About a discrete Fourier property

Question

Let $F(G)$ denote the space of functions from the abelian group $G$ to $\mathbb{C}$ and let $f\in F(G)$. Define the discrete furier transform of $f$ as $\hat{f}:\widehat{G}\to \mathbb{C}$ (where $\widehat{G}$ is the set of characters of $G$, ie, group homomorphism from $G$ to $\mathbb{C}^{\ast}$ as

$$\hat{f}(\chi)=\sum_{a\in G}f(a)\bar\chi(a)$$

for some $\chi\in \widehat{G}$

There is a lot of properties of the discrete Fourier transform, which can be proved by definition. One of them is for example the following. For a function, $f\in F(G)$, define $f^{-}\in F(G)$ as $f^{-}(g)=f(-g)$ and similarly with $\hat{f}^{-}:\widehat{G}\to \mathbb{C}$ as $\hat{f}^{-}(\chi)=\hat{f}(-\chi)$ show that

$$\hat{f}^{-}=\hat{f^{-}}$$

The property seems easy to prove via definition. But unfortunately I can get the proof. My attempt is the next.

From definition of the RHS we have $$\hat{f^{-}}(\chi)=\sum_{a\in G}f^{-}(a)\bar\chi(a)$$ If we note that $\bar\chi(a)=\chi(-a)$ (here $\bar \chi(a)$ denotes the complex conjugate of $\chi(a)$), then

$$\hat{f^{-}}(\chi)=\sum_{a\in G}f^{-}(a)\chi(-a)$$ and by definition of $f^{-}$

$$\hat{f^{-}}(\chi)=\sum_{a\in G}f(-a)\chi(-a) $$

Indexing the sum by $-a$ instead of $a$ (since $G$ is a group). Then

$$\hat{f^{-}}(\chi)=\sum_{a\in G}f(a)\chi(a) $$

And from here for get the LHS I should have $-\bar\chi(a)$ instead of $\chi(a)$.

From this I can conclude that $-\bar\chi(a)= \chi(a)$ is true only when $\chi(a)$ is a complex number with real part equal to 0. But this implies that the assertion is not true (and since I obtain the problem from a book, I assume that the problem is actually true).

Any hint, suggestion or counterexample is welcome (I have several days in the problem and I do not get it their solution).

Answer 1

(Basically repeating another answer.) Work through it again. I'd use multiplicative notation for $G$ and $\widehat{G}$ (especially for $\widehat{G}$).
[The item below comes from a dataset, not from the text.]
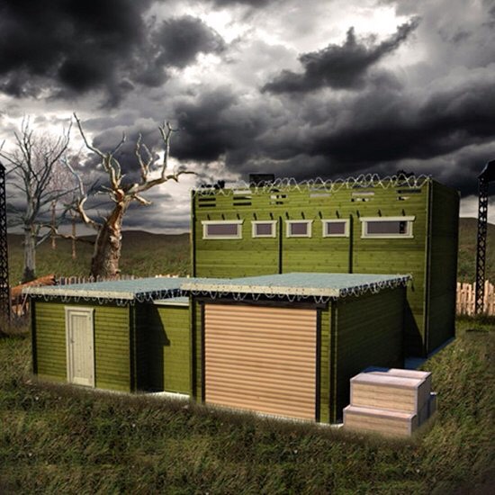 ▼防殭屍安全屋:這是世界上第一間專門用來防範殭屍的木屋。它內部有2間臥室、一個武器庫、一個花園、一個車庫,周圍還環繞著鐵絲網。設計師考慮了殭屍的所有攻擊模式,保證客戶可以在這裡安全住10年。

I'll also use a subscript for the "minus." Facts that are useful:

• $\chi(a^{-1})=\chi(a)^{-1}=\overline{\chi(a)}$ (homomophism into $S^1$, $\bar{\chi}=\chi^{-1}$),
• $\sum_{h\in H}\phi(h)=\sum_{h\in H}\phi(h^{-1})$ (i.e. indexing by an element or its inverse covers the whole group),
• inversion is an involution $(a^{-1})^{-1}=a$, complex conjugation is also an involution (inversion on the circle).

We have $$ \begin{align*} \widehat{f_-}(\chi)&=\sum_{a\in G}f_-(a)\overline{\chi(a)}\\ &=\sum_{a\in G}f(a^{-1})\chi(a^{-1})\\ &=\sum_{a\in G}f(a)\chi(a)\\ &=\sum_{a\in G}f(a)\overline{\bar{\chi}(a)}=\hat{f}(\bar{\chi})=(\hat{f})_-(\chi). \end{align*} $$

Answer 2

From the definitions for each $\chi\in\widehat{G}$ we have $$\widehat{f^{-}}(\chi)=\sum_{a\in G}f^{-}(a)\overline{\chi(a)}=\sum_{a\in G}f(-a)\overline{\chi(a)}=$$ $$\sum_{a\in G}f(a)\overline{\chi(-a)}=$$ $$ \sum_{a\in G}f(a)\overline{(-\chi(a))}= \hat{f}(-\chi)= \hat{f}^-(\chi).$$